Above is an example line from the final JSONL run file, with the following fields:

metadata: Metadata for this run.
team_id: Unique identifier for the team.
run_id: Unique identifier for the run, specifying both the team and the method used. Each run must have a different run_id, and all run_ids submitted by the same team should share a common prefix to associate them with the team.
qa_id: The id of the question-answer pair.
question: The question of the question-answer pair.
answer: A list of objects, each representing an answer sentence with:
- text: An answer sentence in plaintext.
- existing_supported_citations: A list containing all the existing supported citations for the given text.
- supported_citations: A list of up to 3 PMIDs (should not be in the existing_supported_citations) that support this answer sentence.
- contradicted_citations: A list of up to 3 PMIDs that contradict this answer sentence.

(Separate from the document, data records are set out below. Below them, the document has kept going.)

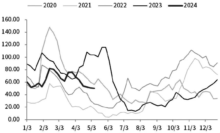 同样的,尿素厂家预收订单在3月中下旬曾一度下降至同期最低水平,不过受到现实需求的支撑,又逐步回升至正常水平。当前尿素厂家的预收订单为6.88天,意味着按照目前日产量计算,厂家未来一周的产量已经被锁定。由于后市存在旺季预期,农业端对尿素的需求会一直持续,厂家的预收订单水平有望维持在一周左右。
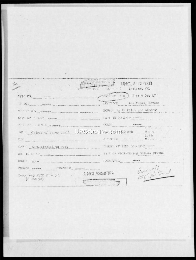 Incident #71 involves an Air Force Reserve pilot's report of a high-altitude object leaving a vapor trail over Las Vegas in 1947. The Air Materiel Command concluded the object was an ordinary aircraft, dismissing the witness's concern.
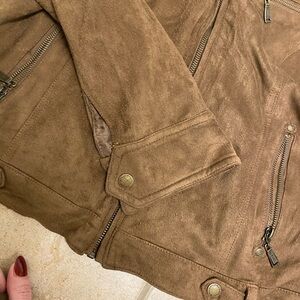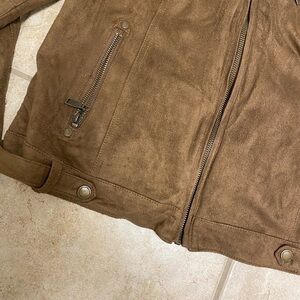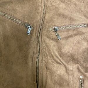Odyn Brown/Cognac Faux Suede Motorcycle Style Jacket - Womens Size Large
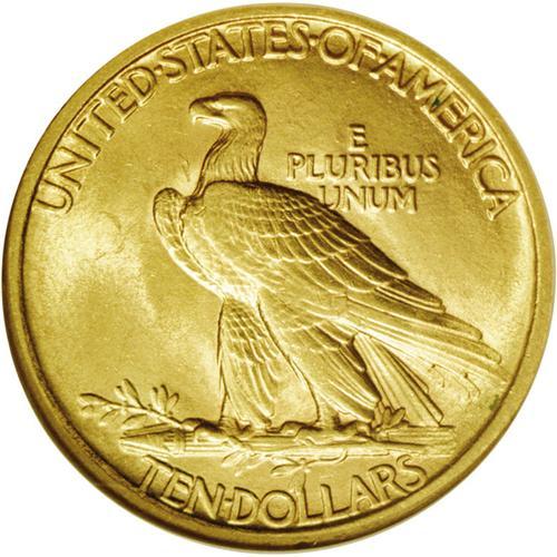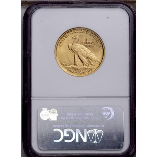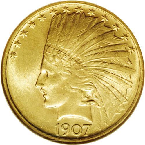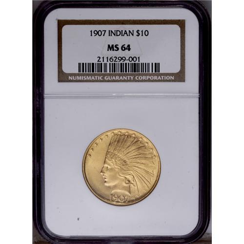 <B>1907<$10> No Motto MS64 NGC.</B></I> Because 1907 was the first year of issue, many were saved as keepsakes, which accounts for the relatively large number of better-grade Uncirculated coins around today. Indeed, nearly 1,000 near-Gems have been certified by NGC and PCGS combined. This example displays fully lustrous, apricot-gold surfaces with tinges of light green undertones. The design elements are adequately brought up, though portions of the Indian's hair are soft. The grade is defined by minute marks on the cheek, on the eagle's upper breast, and in the upper left (facing) reverse field. A couple of minor rim marks on the right (facing) obverse are also mentioned for accuracy.
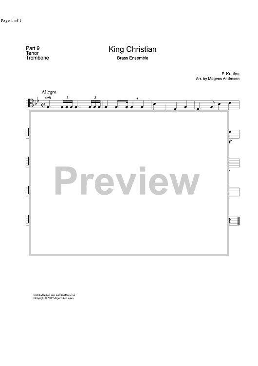 Digital Sheet Music for King Christian - Tenor Trombone by Mogens Andresen, Friedrich Kuhlau scored for Brass Ensemble; id:333423

Task B (Reference Attribution): Given a biomedical topic (question) and a stable version of PubMed documents. The task will be to generate answers containing LLM output that also has attributions (cited references from PubMed) for each answer sentence.

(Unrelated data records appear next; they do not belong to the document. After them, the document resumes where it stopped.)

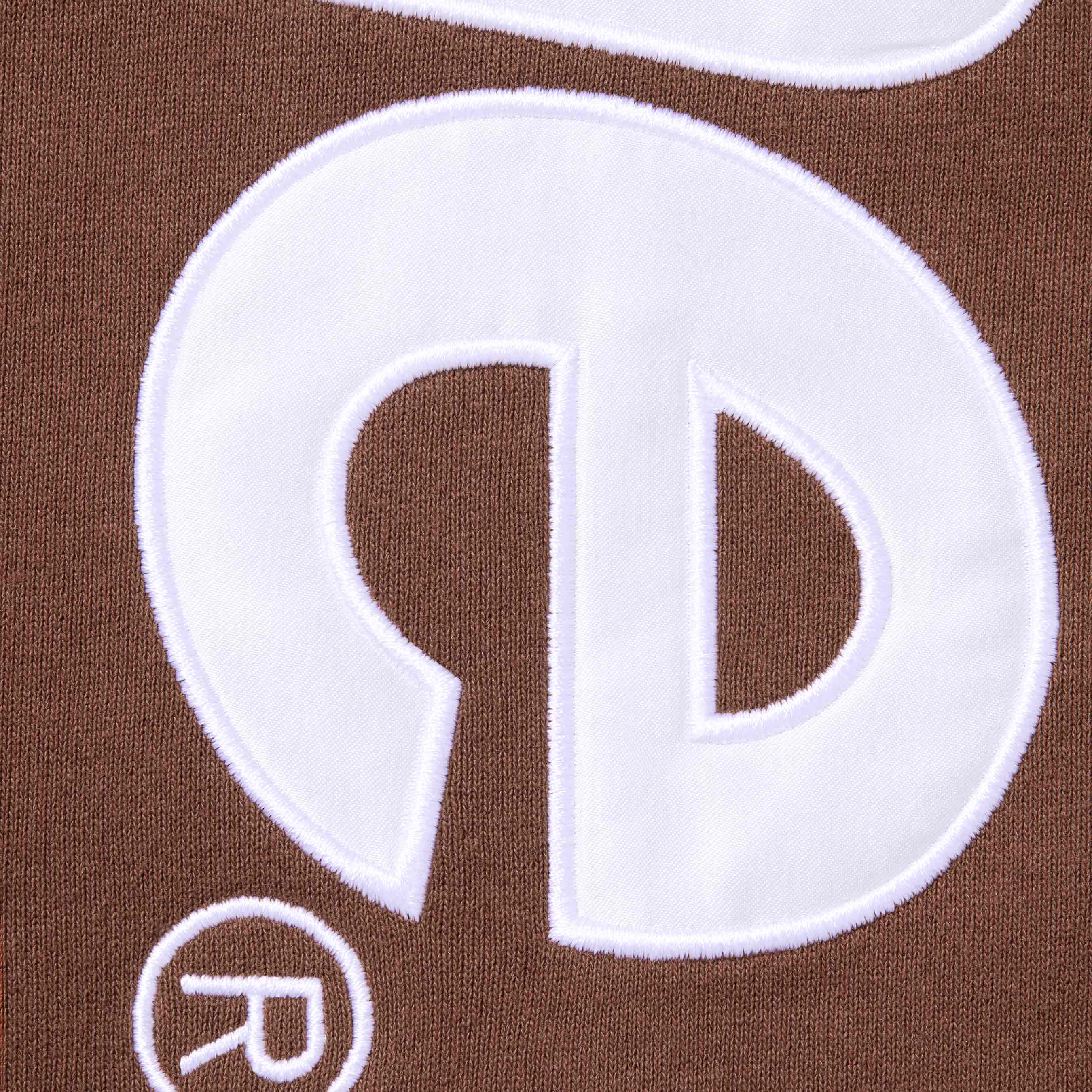 The Supreme Satin Appliqué Hooded Sweatshirt - Brown is now available at Side Kicks!
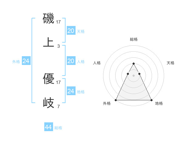 磯上 優岐さんの外格は24画の5点!
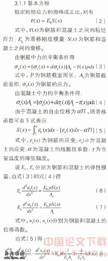 为了能为裂缝控制设计提供理论依据,构造钢筋对非荷载裂缝的控制不能仅仅停留在定性的阐述上,必须从定量的理论上加以研究,这就涉及到混凝土的应力应变分布规律、裂缝宽度随配筋率的变化规律等内容。

The generated answer must meet the following requirements:

The total length of the generated answer should be within 250 words.
There should be no more than three PMIDs per answer sentence.
The PMIDs must be selected only from the valid set of PubMed corpus released with the dataset.

One submission (run) should be a UTF-8-encoded JSONL file, with each line being a JSON object for a topic. The participants can submit upto ten (10) runs for the task. Participants should follow this format and submit their runs to NIST via Evalbase.

{
  "metadata": {
    "team_id": "organizers",
    "run_id": "organizers-run-example", 
    "topic_id": "biogen_2025_1"
  },
  "responses": [
    {
      "text": "This is the first sentence.",
      "citations": [
        "PMID1",
        "PMID2",
        "PMID3"
      ]
    },
    {
      "text": "This is the second sentence.",
       "citations": [
          "PMID4",
          "PMID5"
       ]
   }
  ]
}

Above is an example line from the final JSONL run file, with the following fields:

metadata: Metadata for this run.
team_id: Unique identifier for the team.
run_id: Unique identifier for the run, specifying both the team and the method used. Each run must have a different run_id, and all run_id submitted by the same team should share a common prefix to associate them with the team.
topic_id: The id of the topic.
responses: A list of objects, each representing a generated answer sentence with:
- text: One generated answer sentence in plaintext..
- citations: A list of up to 3 PMIDs that support this answer sentence. The citations for a sentence may be empty, and their order does not matter.

Datasets

Corpus: We are using the latest PubMed baseline as our corpus to retrieve relevant documents. The processed corpus can be downloaded from here. The starter kit includes a script to automatically download the processed corpus and index it using PySerini.

The question-answer pairs (Task A) and topics (Task B) will be available from the TREC Active Participants Site. The participants can use the BioGen 2024 assessment to develop their systems.

Participation

Please follow the TREC 2025 registration guidelines from their Call for Participation.

Communication

Once you complete the NIST registration process, you should receive an invitation to NIST’s workspace and be granted access to our Slack channel: #trec-biogen-2025. You can also join our Google group here.

Evaluation

Task A: TBA
Task B (Reference Attribution): We will follow the evaluation approach used in BioGen 2024. More details can be found here

Organizers

Deepak Gupta - National Library of Medicine, NIH
Dina Demner-Fushman - National Library of Medicine, NIH
Bill Hersh - Oregon Health & Science University
Steven Bedrick - Oregon Health & Science University
Kirk Roberts - UTHealth Houston

There are other tracks in TREC 2025 that feature RAG tasks, with a similar submission format to encourage cross-participation. Participants are welcome to adapt their RAG systems for those tracks to explore their performance across diverse scenarios.